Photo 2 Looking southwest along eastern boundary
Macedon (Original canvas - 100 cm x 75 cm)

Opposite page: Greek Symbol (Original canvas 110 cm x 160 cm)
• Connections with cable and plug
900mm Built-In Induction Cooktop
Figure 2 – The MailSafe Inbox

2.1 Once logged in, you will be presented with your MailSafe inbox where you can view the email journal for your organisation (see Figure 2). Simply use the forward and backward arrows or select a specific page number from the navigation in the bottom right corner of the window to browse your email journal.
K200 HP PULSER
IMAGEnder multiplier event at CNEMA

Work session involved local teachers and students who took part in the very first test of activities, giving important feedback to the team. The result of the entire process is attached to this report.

==

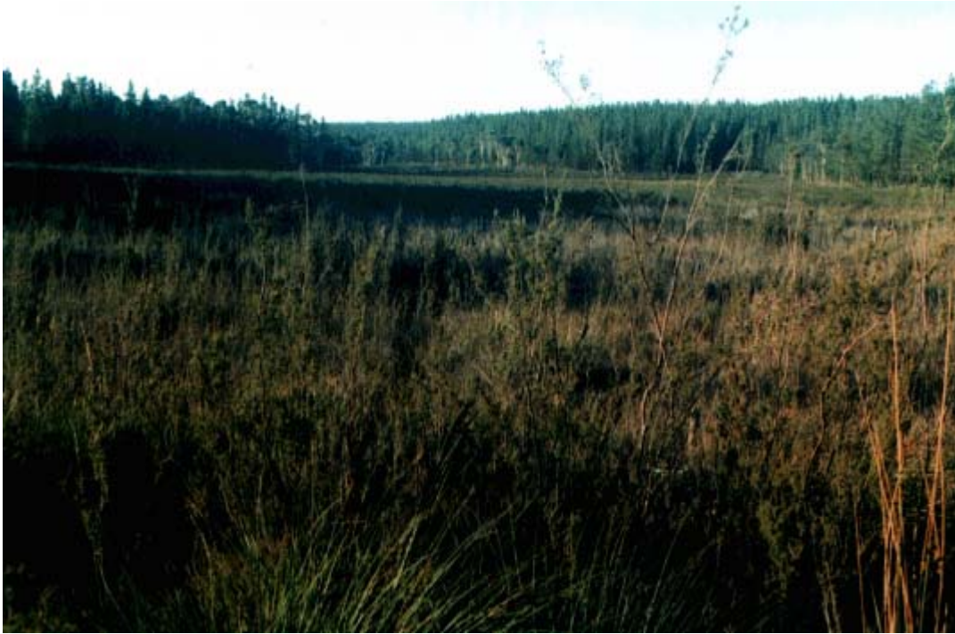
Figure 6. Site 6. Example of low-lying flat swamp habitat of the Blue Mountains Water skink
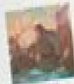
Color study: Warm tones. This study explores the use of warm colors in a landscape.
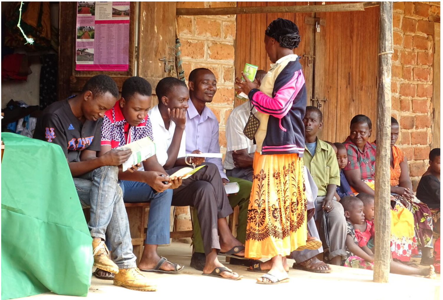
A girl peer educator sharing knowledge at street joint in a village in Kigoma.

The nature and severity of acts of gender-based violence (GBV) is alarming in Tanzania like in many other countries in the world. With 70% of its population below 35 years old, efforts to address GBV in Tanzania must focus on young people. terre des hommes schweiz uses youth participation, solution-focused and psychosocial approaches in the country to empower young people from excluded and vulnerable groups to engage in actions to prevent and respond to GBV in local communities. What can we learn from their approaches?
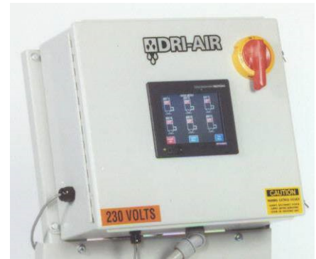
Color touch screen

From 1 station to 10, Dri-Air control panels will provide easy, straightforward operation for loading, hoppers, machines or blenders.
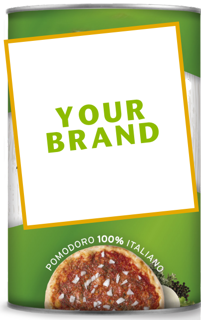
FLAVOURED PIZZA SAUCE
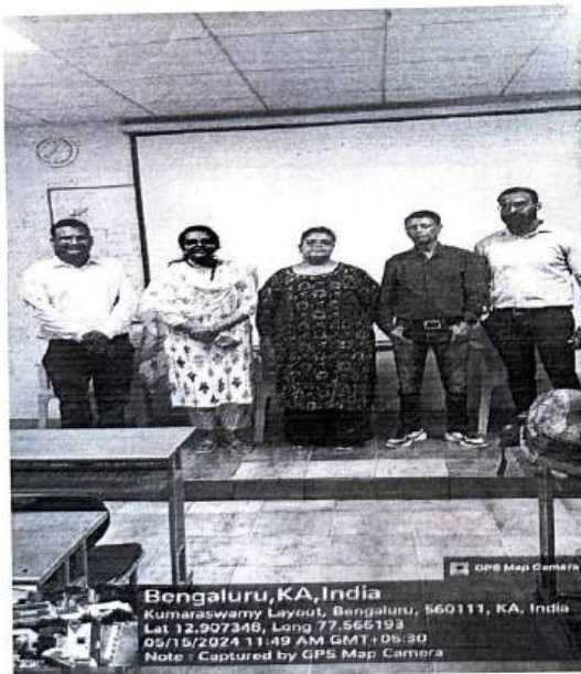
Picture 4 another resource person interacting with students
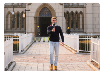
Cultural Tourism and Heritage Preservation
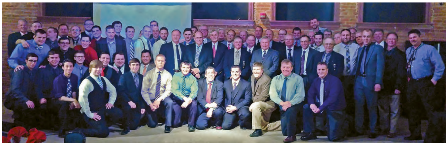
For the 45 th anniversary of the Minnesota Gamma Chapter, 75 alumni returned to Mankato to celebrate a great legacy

* * *

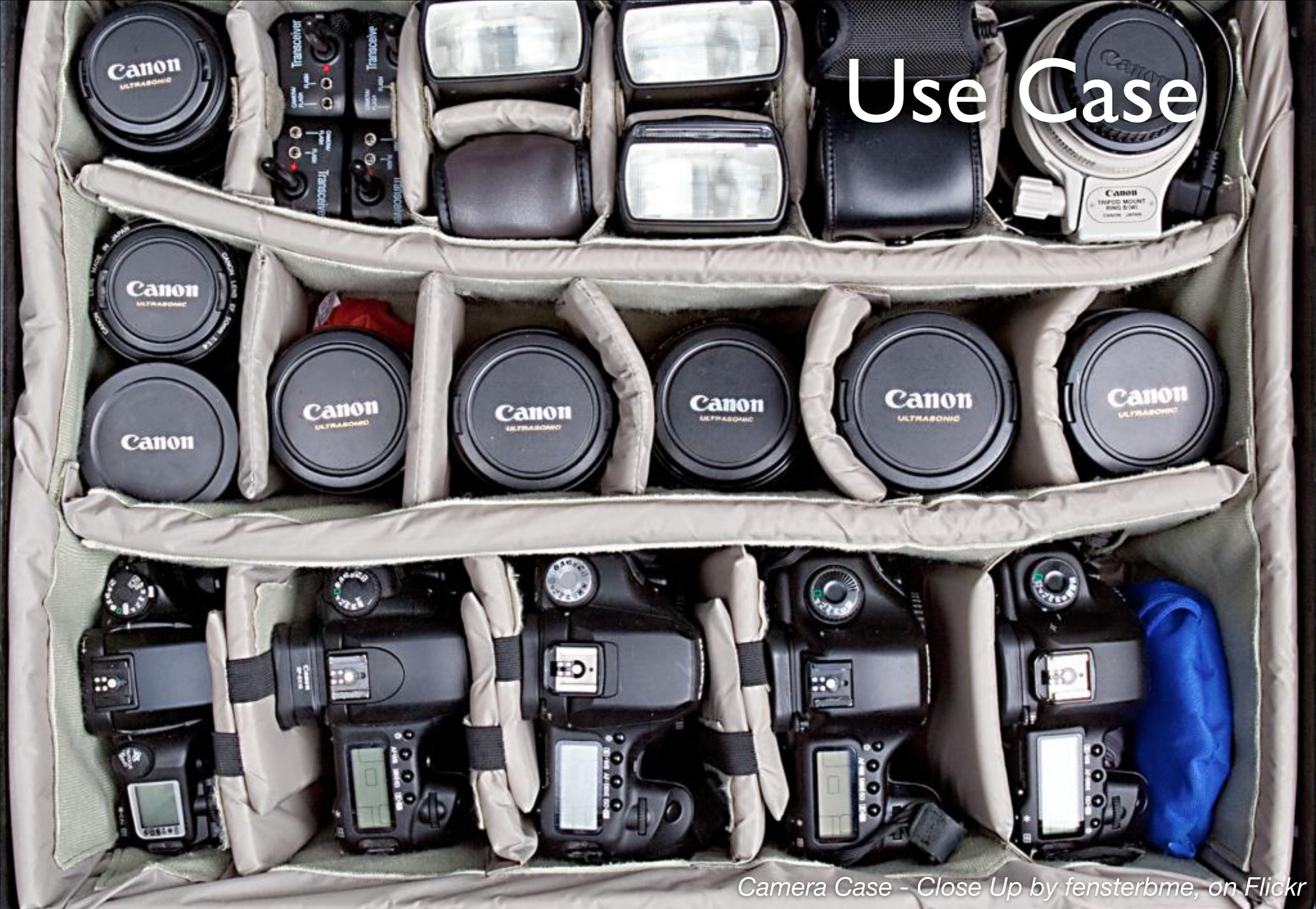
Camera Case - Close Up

PROMPT
Of the lines above, output exactly those from the line bearing "900mm Built-In Induction Cooktop" through the line bearing "K200 HP PULSER", inclusive.

ANSWER BOX
900mm Built-In Induction Cooktop
Figure 2 – The MailSafe Inbox

2.1 Once logged in, you will be presented with your MailSafe inbox where you can view the email journal for your organisation (see Figure 2). Simply use the forward and backward arrows or select a specific page number from the navigation in the bottom right corner of the window to browse your email journal.
K200 HP PULSER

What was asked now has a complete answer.